Majd Ramlawi was serving coffee in the old town of Jerusalem when he received a terrifying message on his cell phone.
“You have been identified as a participant in acts of violence at the Al-Aqsa Mosque,” the message read in Arabic. “We will hold him accountable.”
Ramlawi, then 19, was one of hundreds of people civil rights lawyers say received that message last year, at the height of one of the most turbulent periods in recent history in the Holy Land. Many, like Ramlawi, say they only lived or worked in the neighborhood and had nothing to do with the riots. What he did not know is that the feared internal security agency, the Shin Bet, was using the massive monitoring technology deployed to trace coronavirus contacts against residents and citizens of Israel for purposes not related to COVID-19.
In the turmoil of the early days of the pandemic, millions of people around the world believed governments that said they needed confidential information for new technological tools that could slow the spread of the coronavirus. In return, governments were given access to a huge amount of private data on people’s health, pictures of their faces and addresses.
Now from Beijing to Jerusalem and from Hyderabad, India, to Perth, Australia, The Associated Press has found that authorities used these technologies and data to prevent movement of activists and ordinary people, harass marginalized communities, and associate people’s medical information with other tools. surveillance and security. In some cases, the data was shared with spy agencies.
The issue has gained new urgency after almost three years of pandemic. China’s strict anti-virus protocols recently sparked the biggest and clearest public rejection of the country’s authoritarian rule since the pro-democracy Tiananmen Square protests in 1989.
For more than a year, journalists from PA They interviewed sources and reviewed thousands of documents to keep track of how technologies presented as tools to “slow the curve” of infections were being used for other purposes. Just as the balance between privacy and national security shifted after the September 11, 2001 terrorist attacks on the United States, COVID-19 has allowed authorities to justify integrating tracking tools into society that have long been maintained. after the lockdowns.
Some of the AP findings:
Israel’s Shin Bet security agency redirected cellphone tracking technology it had previously used to track militants in the Palestinian territories to trace contacts of COVID-19 patients. Then, in 2021, the agency began to quietly use the same technology to send threatening messages to Arab residents and citizens in Israel whom the agency suspected had been involved in violent clashes with police. However, some of the people who received the messages simply lived or worked in the area, or had passed through.
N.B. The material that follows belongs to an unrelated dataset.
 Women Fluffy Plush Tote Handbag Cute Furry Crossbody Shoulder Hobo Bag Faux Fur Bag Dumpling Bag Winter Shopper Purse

-In China, the last large country that maintained strict confinements against COVID-19, citizens have had to install apps on their cell phones to move freely through most cities. The apps, which collect telecommunication data and PCR test results, produce personal QR codes that change from green to yellow or red depending on the person’s health status. Now, with the pandemic restrictions lifted, there is evidence that health codes have been used to stifle dissent. Citizens who wanted to file complaints against the government would suddenly find their codes turned red even though they had not tested positive for COVID-19 or been near infected people.
-As far back as May 2020 in India, the Telangana state police chief tweeted that his department would employ AI-based software that would use security camera footage to identify people not wearing masks.
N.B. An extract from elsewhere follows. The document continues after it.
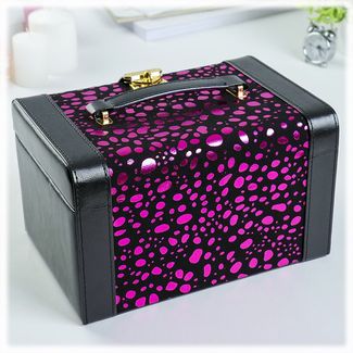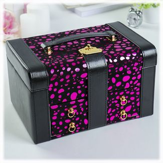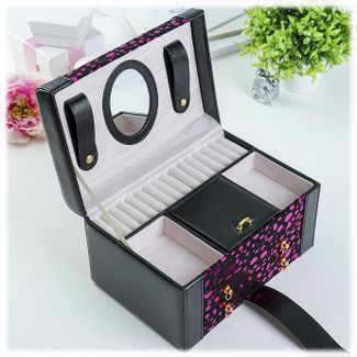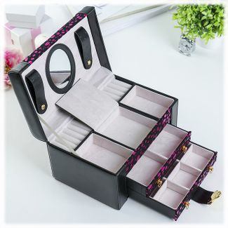 Шкатулка для украшений выполнена в виде сундучка 24*16*14 см из искусственной кожи с яркой расцветкой. "Фелисия" - удобная трёхъярусная шкатулка. Нижний ярус представляет собой выдвижной ящик с шестью отделениями для разных коллекций украшений. Второй ярус - это выдвижной ящик, разделённый на две части. В верхнем ярусе расположены четыре основных отделения, одно из которых оборудовано валиками для удобного хранения колец. Внутренняя сторона крышки оборудована зеркалом 9*7 см и петлями для хранения браслетов и цепочек. Шкатулка закрывается на поворотный декоративный замок и имеет удобную ручку-переноску. Внутренняя поверхность шкатулки оформлена искусственной светлой замшей, что придаёт ей шарм и изысканность.
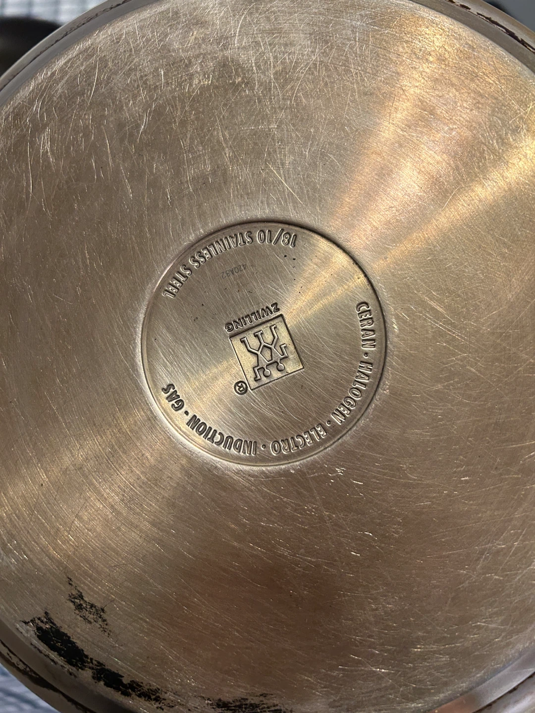 Selling a Zwilling J.A. Henckels fry pan. It's made of 18/10 stainless steel and suitable for induction, gas, electro, and halogen cooktops. It does show some signs of use.

SQ Masood, a social activist, is one of the people who were stopped by police in an apparently random manner in the Muslim-majority area of Hyderabad last year. Masood said officers asked him to remove his mask so they could take a picture of him with a tablet. He has now sued the police to find out why.
Although security forces deny using facial recognition in Masood’s case, the lawsuit is moving forward and experts say it could set a precedent for future police action.
-In Australia, people used apps on their cell phones to read QR codes in restaurants, concert halls and other public spaces and register their presence, so they could be contacted in case a COVID-19 outbreak was linked to them. a place they had visited. But in several cases, Australian security forces have harnessed state QR data as an electronic dragnet to investigate crime. That happened despite government assurances that the information would only be used to promote public health.
-Finally, in the United States, the federal government used the pandemic as an opportunity to strengthen its surveillance tools. In 2020, it signed two contracts for 24.9 million dollars with the surveillance and data mining firm Palantir Technologies Inc. to support the work of the United States Department of Health (HHS).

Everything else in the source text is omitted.